> EXERCISE AIM:
Quote exactly and only this range of lines in the data below: the line that holds "A bath towel" to the line that holds "Make an exceptionally", both included.

> INFORMATION SHOWN:
+++
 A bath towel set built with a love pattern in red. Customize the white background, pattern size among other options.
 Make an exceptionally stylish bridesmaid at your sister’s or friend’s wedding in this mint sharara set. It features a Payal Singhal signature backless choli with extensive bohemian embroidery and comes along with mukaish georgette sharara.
+++
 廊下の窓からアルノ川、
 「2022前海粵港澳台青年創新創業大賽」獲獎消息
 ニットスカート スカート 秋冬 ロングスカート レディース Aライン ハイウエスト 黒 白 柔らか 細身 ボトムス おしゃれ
+++
> OUTPUT:
 A bath towel set built with a love pattern in red. Customize the white background, pattern size among other options.
 Make an exceptionally stylish bridesmaid at your sister’s or friend’s wedding in this mint sharara set. It features a Payal Singhal signature backless choli with extensive bohemian embroidery and comes along with mukaish georgette sharara.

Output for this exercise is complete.